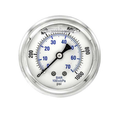 - SpecificationsDial: 2 1/2 (63mm)Range: 0/1000 psi/BAR (x100 = kPa)Case: Stainless steel, glycerine
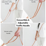 The non-adjustable side can also be worn across the shoulder comfortably with the adjustable side clipped to your dog if you wish to shorten/increase the distance between you and your pup. The adjustable side also doubles as a traffic handle when clipped to your pup.
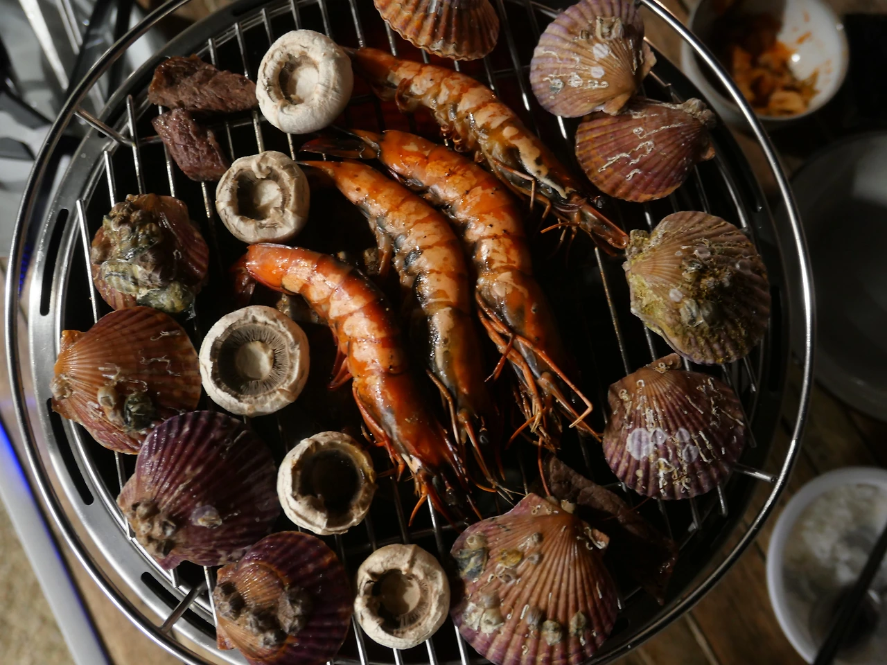 지평집의 방은 이름 그대로 높지 않은 침대부터 시작해서 하나의 브랜드같이 일관적인 분위기와 감각적인 공간을 이루고 있었다. 약간의 낮잠을 청한 뒤 배가 고파질 때쯤 미리 예약해둔 바베큐 용 화로를 받아 장 봐둔 여러 음식들을 구워 먹었다.

= = = = = = =

| What you have to do |
Up to and including the last line of the listing, starting at the line with "The non-adjustable side", extract every line exactly and leave out the pictures.

| Result |
 The non-adjustable side can also be worn across the shoulder comfortably with the adjustable side clipped to your dog if you wish to shorten/increase the distance between you and your pup. The adjustable side also doubles as a traffic handle when clipped to your pup.
 지평집의 방은 이름 그대로 높지 않은 침대부터 시작해서 하나의 브랜드같이 일관적인 분위기와 감각적인 공간을 이루고 있었다. 약간의 낮잠을 청한 뒤 배가 고파질 때쯤 미리 예약해둔 바베큐 용 화로를 받아 장 봐둔 여러 음식들을 구워 먹었다.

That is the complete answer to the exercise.